Background

Genome editing tools are very important for the investigations of biological mechanisms and prevention and/or treatment of genetic diseases (Maeder and Gersbach, 2016). In the last couple of decades, several genome editing tools have been introduced, which include the meganucleases (Epinat et al., 2003), zinc finger nucleases (ZFNs) (Kim et al., 1996), transcription activator-like effector-based nucleases (TALEN) (Christian et al., 2010), and the clustered regularly interspaced short palindromic repeats (CRISPR)-associated genes (Cas) (Jinek et al., 2012; Cong et al., 2013; Sander and Joung, 2014). In general, these tools create DNA double stranded breaks (DSB) to trigger genome editing in vivo (Maeder and Gersbach, 2016). The evaluation of the efficiencies and specificities of genome editing tool is essential for their applications and further developments. In our recent published study, we described a reporter that can generate quantitative readout for genome editing efficiency (Kumar et al., 2019). In this system, a ~20 bp target sequence is placed in a multiple cloning site (MCS) which is right after the start codon of Cerulean fluorescence protein (CFP) to generate a frame-shift of the open reading frame (ORF). This frameshifted-CFP (FsCFP) can be used as a reporter of genome editing because only when there is a successful DNA-double strand break (DSB) event on the target sequence followed with a non-homologous end joining (NHEJ) to generate an in/del event to shift the reading frame to a correct order (by a chance of up to 1/3), the CFP fluorescence will be reactivated as a positive readout. To facilitate the quantification, an internal ribosome entry site (IRES) and a red fluorescence protein, mCherryFP, is placed after the reporter.

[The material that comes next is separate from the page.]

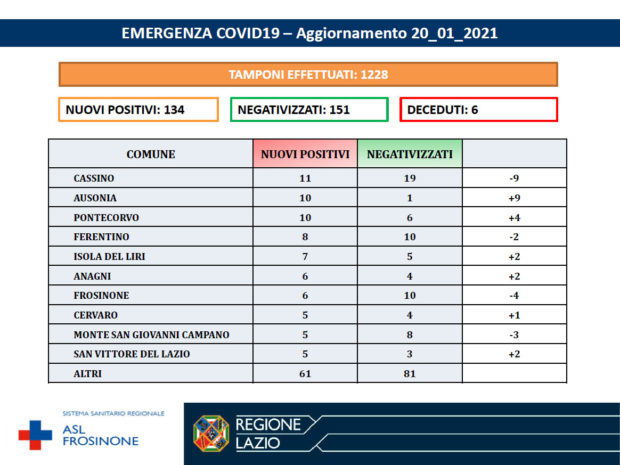 La Asl Frosinone ha diffuso i numeri aggiornati al 20 Gennaio 2021, per ciò che riguarda l’emergenza Covid-19. I tamponi effettuati sono stati 1.228 I nuovi positivi sono 134, i negativizzati 151, i deceduti 6. Di seguito i dati dei comuni di Cassino, Ausonia, Pontecorvo, Ferentino, Isola del Liri, Anagni, Frosinone, Cervaro, Monte San Giovanni Campano, San Vittore del Lazio, Altri.
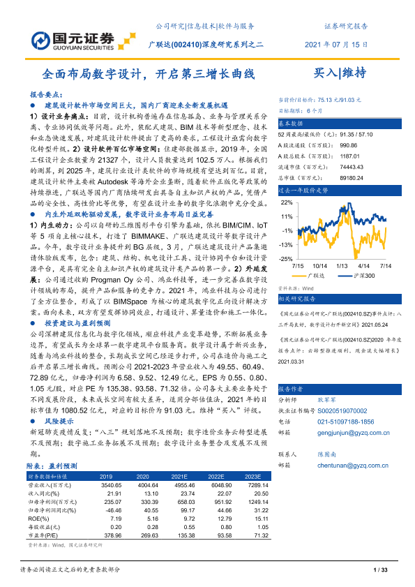 【国元证券】【20210715】广联达-002410.SZ-深度研究系列之二:全面布局数字设计,开启第三增长曲线-33页

In principle, this reporter can be applied to any genome editing system as long as a DSB and NHEJ are expected from the editing. This approach can effectively detect low-efficiency editing in a population of cells with very low false negative or false positive. Furthermore, in this method, the positive cells can be conveniently identified and enriched for the examination or validation of the in/del event in the genome. Also, this method can be easily adapted for screening to optimize the genome-editing enzyme or the other components (such as guide-RNA) in the positive cells. Here, we used the CRISPR-Cas9 technique as a demonstration and the flow cytometry as the readout of the fluorescence events.

In this protocol, the target sequence is inserted between restriction sites of NotI and XhoI before CFP reporter together with sequence for the optimal recognition of Cas9 and a premature STOP codon to create a frame shift. The reporter region is then integrated in the nuclear genome of the target cell by the assistance of lentivirus. The target cells expressing the red fluorescence protein are then isolated by fluorescence-activated cell sorting (FACS), before vectors containing the Cas9 and gRNA are introduced into these cells. After incubation, the ratio of the CFP over mCherryFP was measured in flow cytometry to provide quantitative measurement for the efficiency of the genome editing.